### Exercise material
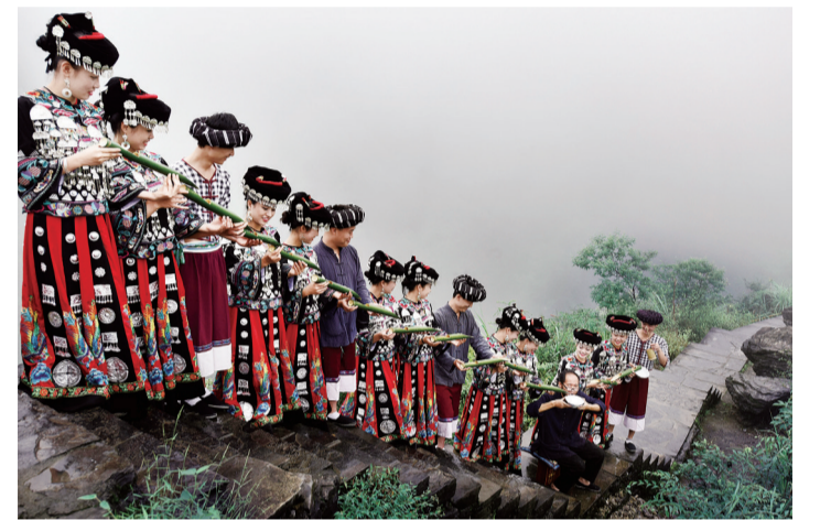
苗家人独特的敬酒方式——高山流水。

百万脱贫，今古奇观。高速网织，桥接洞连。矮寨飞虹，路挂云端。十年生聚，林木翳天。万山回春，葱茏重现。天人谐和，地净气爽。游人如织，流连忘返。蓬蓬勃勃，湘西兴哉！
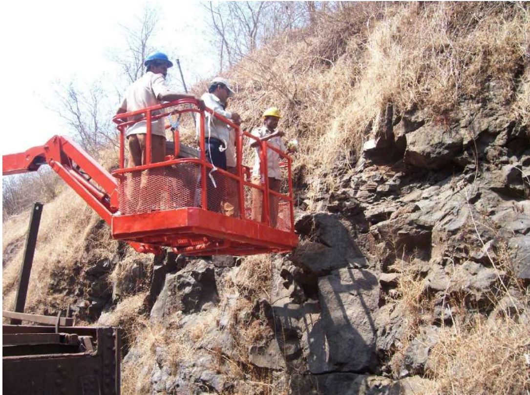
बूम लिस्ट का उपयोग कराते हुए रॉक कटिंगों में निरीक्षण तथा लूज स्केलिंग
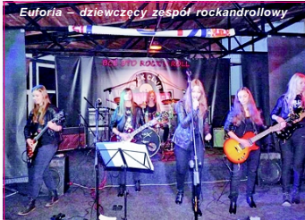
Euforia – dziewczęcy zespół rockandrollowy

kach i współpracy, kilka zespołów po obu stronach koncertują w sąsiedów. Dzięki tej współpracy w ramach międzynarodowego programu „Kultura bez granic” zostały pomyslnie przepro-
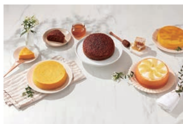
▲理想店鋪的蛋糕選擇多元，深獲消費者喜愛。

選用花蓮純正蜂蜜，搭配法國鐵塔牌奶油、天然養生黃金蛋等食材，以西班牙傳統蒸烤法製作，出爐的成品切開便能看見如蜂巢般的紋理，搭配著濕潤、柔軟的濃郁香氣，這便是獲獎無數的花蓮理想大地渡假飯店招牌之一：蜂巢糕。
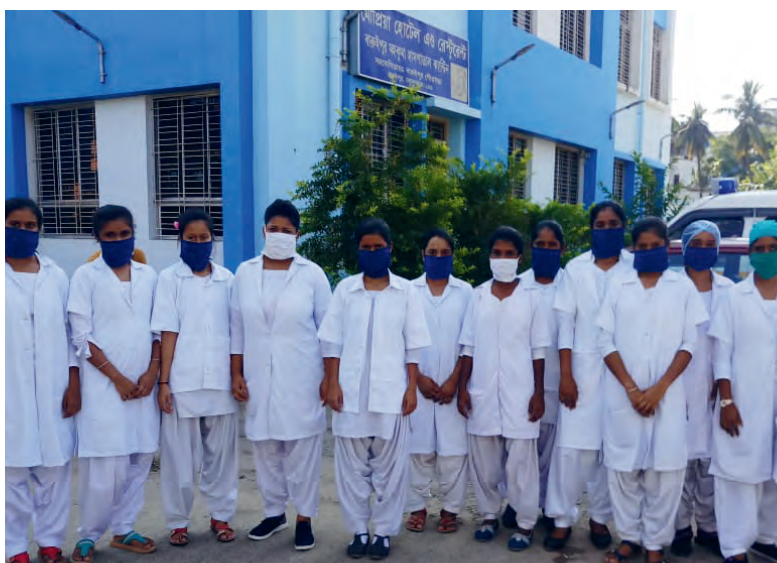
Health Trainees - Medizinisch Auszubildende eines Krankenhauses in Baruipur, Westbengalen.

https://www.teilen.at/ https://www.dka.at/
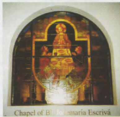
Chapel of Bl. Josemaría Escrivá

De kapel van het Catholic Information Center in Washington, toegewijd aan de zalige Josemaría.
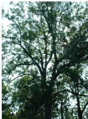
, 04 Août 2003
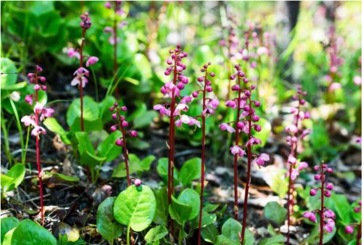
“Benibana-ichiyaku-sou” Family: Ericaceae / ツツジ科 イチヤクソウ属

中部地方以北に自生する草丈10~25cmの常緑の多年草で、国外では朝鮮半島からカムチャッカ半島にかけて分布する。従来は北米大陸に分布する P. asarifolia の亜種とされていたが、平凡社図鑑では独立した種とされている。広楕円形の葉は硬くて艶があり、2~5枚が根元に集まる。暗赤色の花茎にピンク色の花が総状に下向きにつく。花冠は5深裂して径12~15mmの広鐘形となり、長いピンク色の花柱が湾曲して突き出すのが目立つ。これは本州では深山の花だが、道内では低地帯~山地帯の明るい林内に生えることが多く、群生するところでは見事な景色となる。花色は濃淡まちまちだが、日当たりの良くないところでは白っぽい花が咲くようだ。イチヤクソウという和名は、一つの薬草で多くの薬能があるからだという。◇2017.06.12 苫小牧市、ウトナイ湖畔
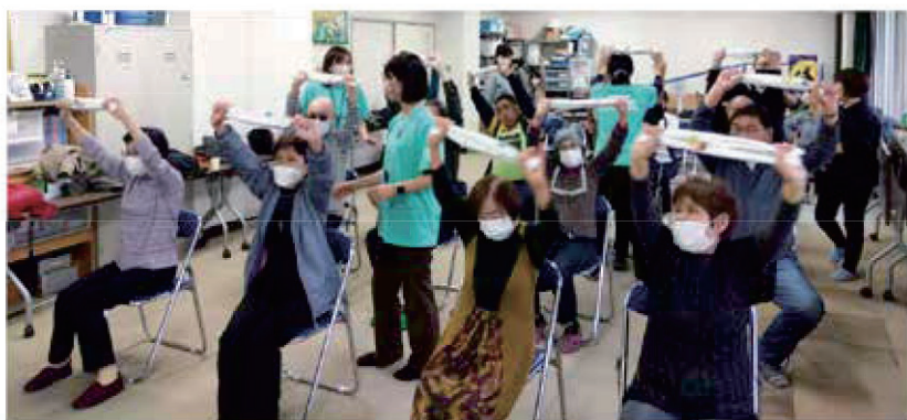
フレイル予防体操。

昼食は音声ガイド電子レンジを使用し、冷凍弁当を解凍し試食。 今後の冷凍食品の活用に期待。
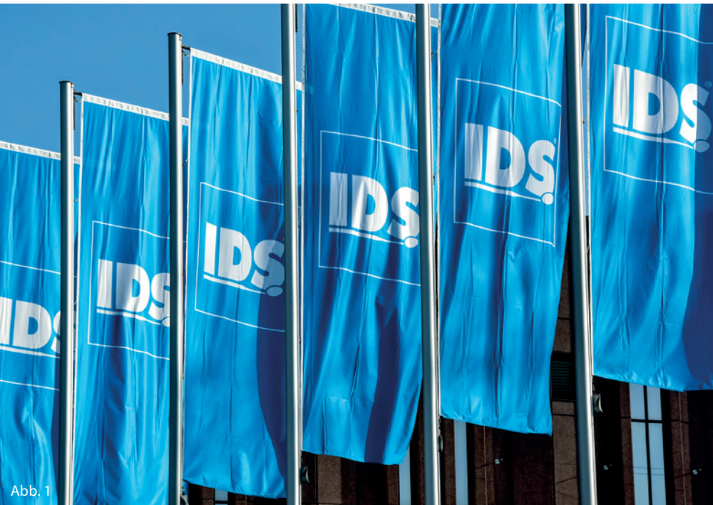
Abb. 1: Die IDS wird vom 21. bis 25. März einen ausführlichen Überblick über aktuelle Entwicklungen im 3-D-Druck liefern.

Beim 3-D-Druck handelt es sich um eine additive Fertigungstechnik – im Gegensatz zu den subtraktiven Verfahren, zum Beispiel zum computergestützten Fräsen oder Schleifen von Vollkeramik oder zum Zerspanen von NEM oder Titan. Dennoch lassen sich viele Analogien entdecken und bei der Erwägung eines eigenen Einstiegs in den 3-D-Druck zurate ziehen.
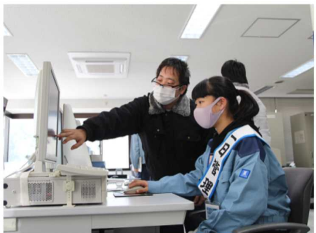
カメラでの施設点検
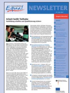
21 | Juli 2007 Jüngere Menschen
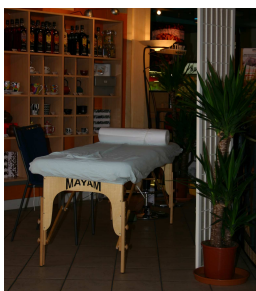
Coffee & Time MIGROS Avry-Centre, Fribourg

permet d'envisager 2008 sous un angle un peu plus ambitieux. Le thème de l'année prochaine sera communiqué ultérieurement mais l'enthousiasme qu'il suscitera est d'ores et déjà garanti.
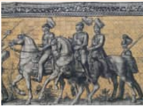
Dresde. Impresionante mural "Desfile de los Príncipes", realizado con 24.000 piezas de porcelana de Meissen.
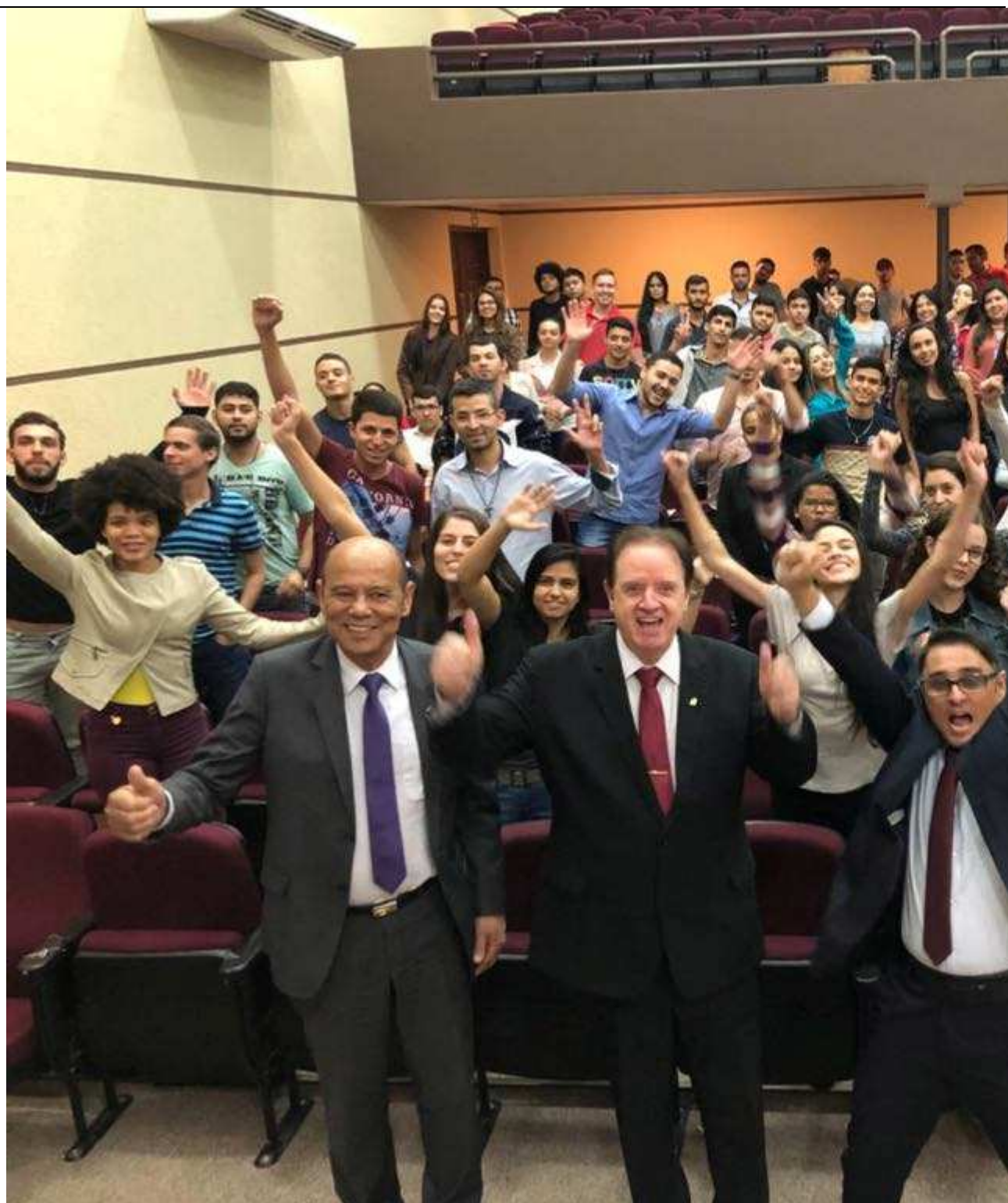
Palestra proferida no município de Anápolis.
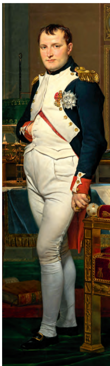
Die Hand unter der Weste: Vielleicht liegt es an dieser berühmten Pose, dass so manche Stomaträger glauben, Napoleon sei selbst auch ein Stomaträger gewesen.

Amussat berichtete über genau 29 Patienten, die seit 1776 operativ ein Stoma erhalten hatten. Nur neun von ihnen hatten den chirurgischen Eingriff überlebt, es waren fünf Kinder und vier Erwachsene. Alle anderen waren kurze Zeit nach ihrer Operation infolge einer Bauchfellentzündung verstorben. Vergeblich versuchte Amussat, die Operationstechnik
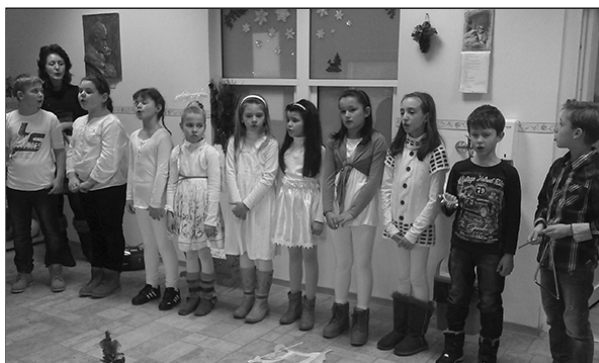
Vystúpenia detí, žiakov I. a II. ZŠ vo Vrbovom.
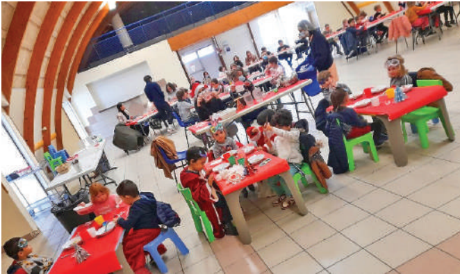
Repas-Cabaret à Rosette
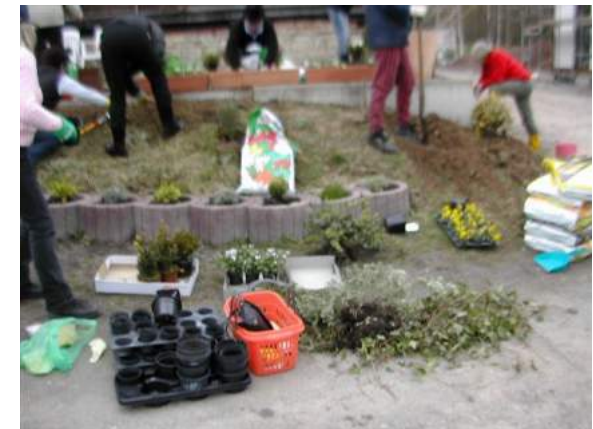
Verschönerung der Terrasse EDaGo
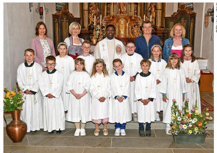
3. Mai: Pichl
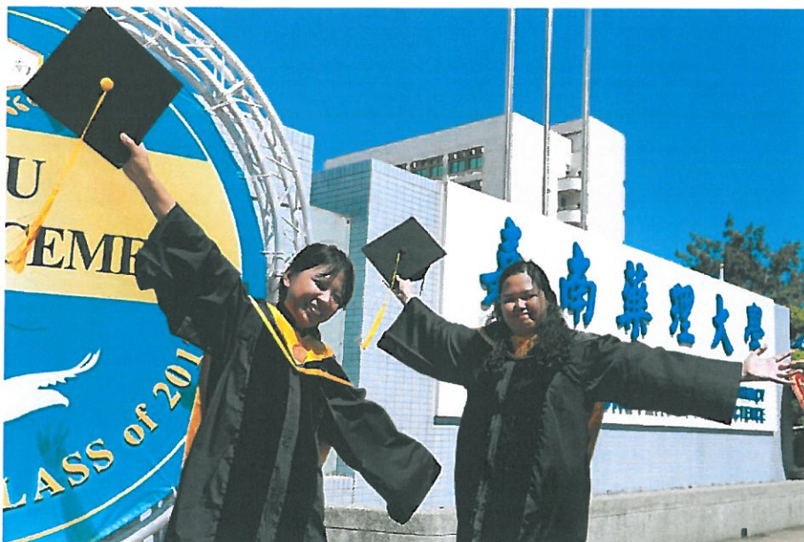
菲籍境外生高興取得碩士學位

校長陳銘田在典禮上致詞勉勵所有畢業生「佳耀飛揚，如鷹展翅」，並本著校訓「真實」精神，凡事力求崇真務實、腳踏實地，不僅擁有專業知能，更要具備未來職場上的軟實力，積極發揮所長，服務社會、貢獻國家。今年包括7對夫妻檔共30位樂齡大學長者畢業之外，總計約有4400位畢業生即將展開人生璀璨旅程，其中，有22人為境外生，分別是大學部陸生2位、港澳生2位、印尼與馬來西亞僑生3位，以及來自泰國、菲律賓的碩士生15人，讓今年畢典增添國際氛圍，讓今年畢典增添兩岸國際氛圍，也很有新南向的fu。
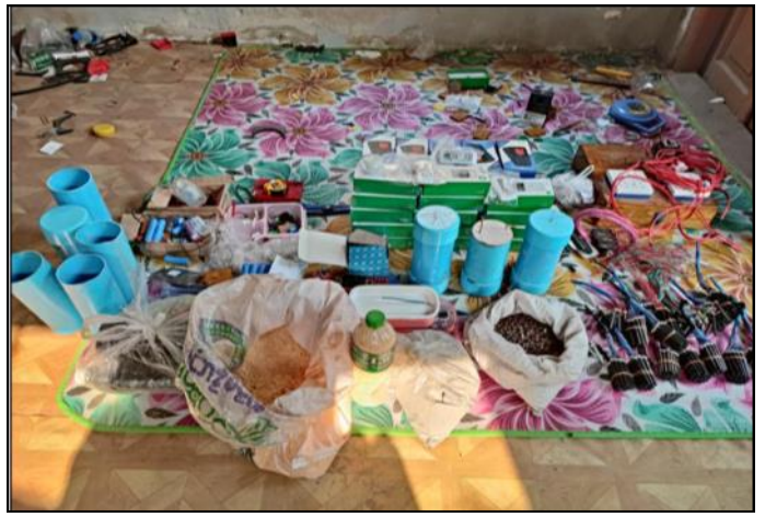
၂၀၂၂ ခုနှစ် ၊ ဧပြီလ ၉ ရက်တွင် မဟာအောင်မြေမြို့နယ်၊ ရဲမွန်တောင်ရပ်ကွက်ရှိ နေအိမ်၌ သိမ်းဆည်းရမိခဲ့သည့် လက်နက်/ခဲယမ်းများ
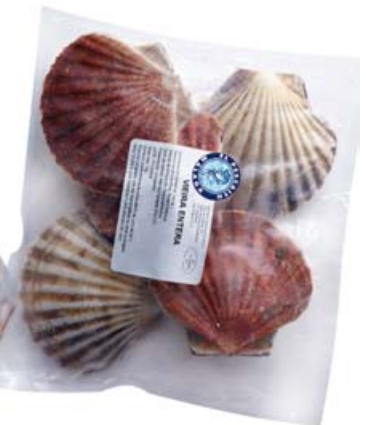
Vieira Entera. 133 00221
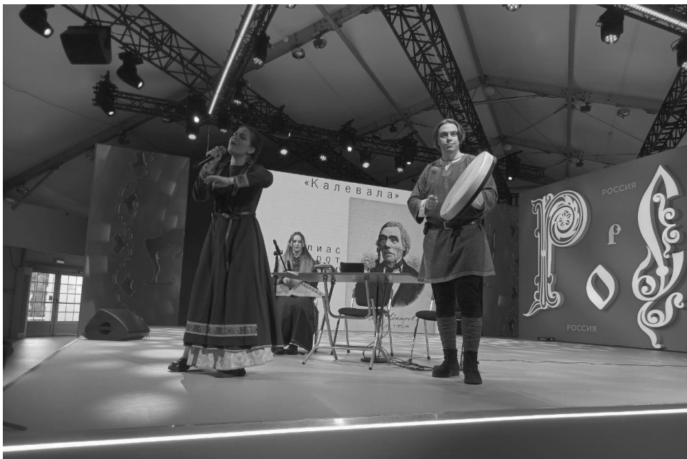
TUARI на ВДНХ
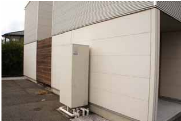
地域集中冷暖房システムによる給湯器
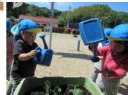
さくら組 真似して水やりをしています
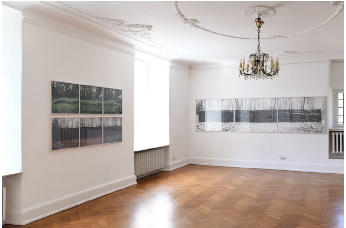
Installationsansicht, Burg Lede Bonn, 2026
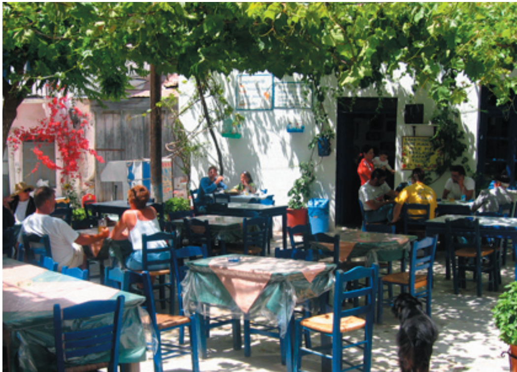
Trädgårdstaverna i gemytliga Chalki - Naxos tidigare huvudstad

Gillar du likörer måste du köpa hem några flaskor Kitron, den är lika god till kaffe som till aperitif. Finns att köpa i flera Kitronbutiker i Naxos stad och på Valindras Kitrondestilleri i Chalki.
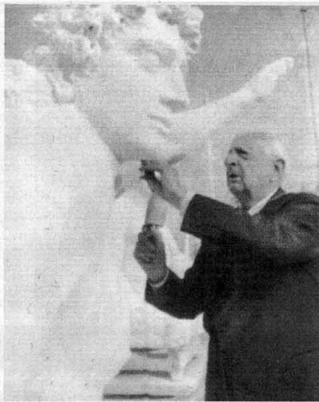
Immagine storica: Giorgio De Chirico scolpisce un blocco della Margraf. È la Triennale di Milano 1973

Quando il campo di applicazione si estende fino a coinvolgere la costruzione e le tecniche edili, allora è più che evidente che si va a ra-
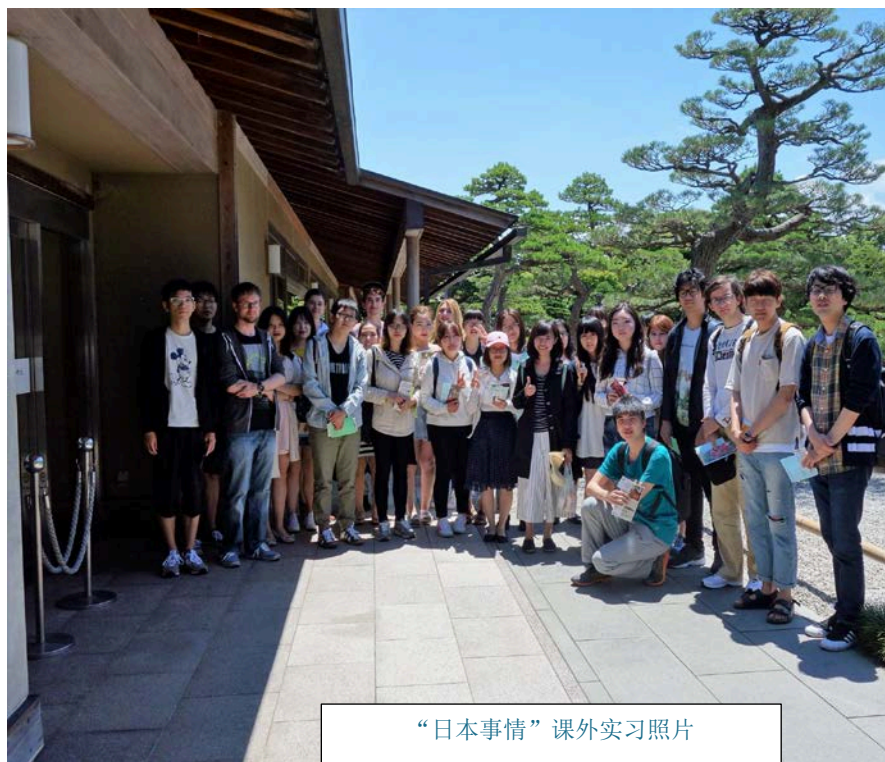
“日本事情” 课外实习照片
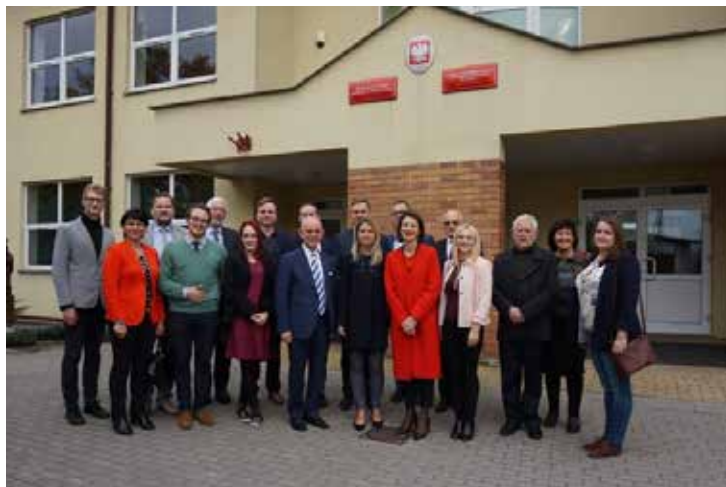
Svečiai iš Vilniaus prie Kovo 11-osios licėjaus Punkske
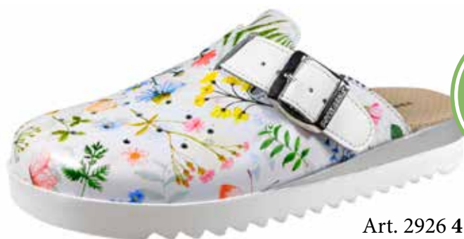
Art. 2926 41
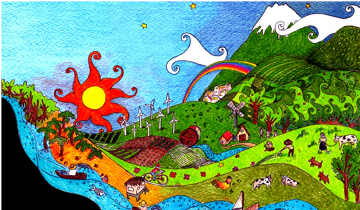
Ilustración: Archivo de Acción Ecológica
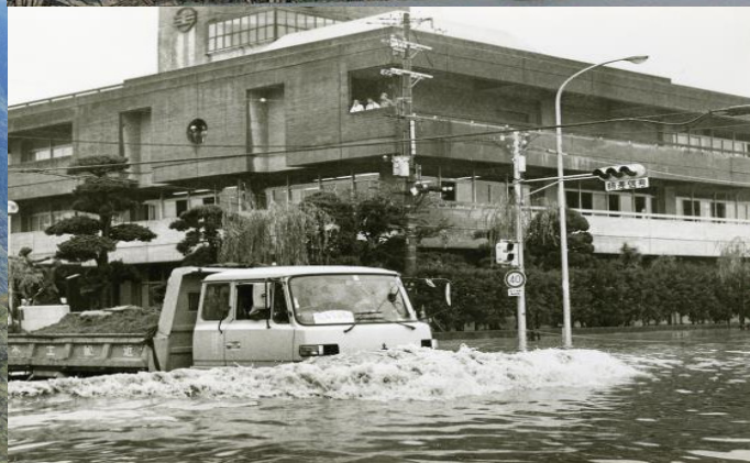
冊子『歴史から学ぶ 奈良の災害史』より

### Work to complete
All pictures are to be skipped. Output, word for word, the lines in the data above starting at the line containing "Abb. 1: Die" and ending at the line containing "さくら組 真似して水やりをしています".

### Response area
Abb. 1: Die IDS wird vom 21. bis 25. März einen ausführlichen Überblick über aktuelle Entwicklungen im 3-D-Druck liefern.

Beim 3-D-Druck handelt es sich um eine additive Fertigungstechnik – im Gegensatz zu den subtraktiven Verfahren, zum Beispiel zum computergestützten Fräsen oder Schleifen von Vollkeramik oder zum Zerspanen von NEM oder Titan. Dennoch lassen sich viele Analogien entdecken und bei der Erwägung eines eigenen Einstiegs in den 3-D-Druck zurate ziehen.
カメラでの施設点検
21 | Juli 2007 Jüngere Menschen
Coffee & Time MIGROS Avry-Centre, Fribourg

permet d'envisager 2008 sous un angle un peu plus ambitieux. Le thème de l'année prochaine sera communiqué ultérieurement mais l'enthousiasme qu'il suscitera est d'ores et déjà garanti.
Dresde. Impresionante mural "Desfile de los Príncipes", realizado con 24.000 piezas de porcelana de Meissen.
Palestra proferida no município de Anápolis.
Die Hand unter der Weste: Vielleicht liegt es an dieser berühmten Pose, dass so manche Stomaträger glauben, Napoleon sei selbst auch ein Stomaträger gewesen.

Amussat berichtete über genau 29 Patienten, die seit 1776 operativ ein Stoma erhalten hatten. Nur neun von ihnen hatten den chirurgischen Eingriff überlebt, es waren fünf Kinder und vier Erwachsene. Alle anderen waren kurze Zeit nach ihrer Operation infolge einer Bauchfellentzündung verstorben. Vergeblich versuchte Amussat, die Operationstechnik
Vystúpenia detí, žiakov I. a II. ZŠ vo Vrbovom.
Repas-Cabaret à Rosette
Verschönerung der Terrasse EDaGo
3. Mai: Pichl
菲籍境外生高興取得碩士學位

校長陳銘田在典禮上致詞勉勵所有畢業生「佳耀飛揚，如鷹展翅」，並本著校訓「真實」精神，凡事力求崇真務實、腳踏實地，不僅擁有專業知能，更要具備未來職場上的軟實力，積極發揮所長，服務社會、貢獻國家。今年包括7對夫妻檔共30位樂齡大學長者畢業之外，總計約有4400位畢業生即將展開人生璀璨旅程，其中，有22人為境外生，分別是大學部陸生2位、港澳生2位、印尼與馬來西亞僑生3位，以及來自泰國、菲律賓的碩士生15人，讓今年畢典增添國際氛圍，讓今年畢典增添兩岸國際氛圍，也很有新南向的fu。
၂၀၂၂ ခုနှစ် ၊ ဧပြီလ ၉ ရက်တွင် မဟာအောင်မြေမြို့နယ်၊ ရဲမွန်တောင်ရပ်ကွက်ရှိ နေအိမ်၌ သိမ်းဆည်းရမိခဲ့သည့် လက်နက်/ခဲယမ်းများ
Vieira Entera. 133 00221
TUARI на ВДНХ
地域集中冷暖房システムによる給湯器
さくら組 真似して水やりをしています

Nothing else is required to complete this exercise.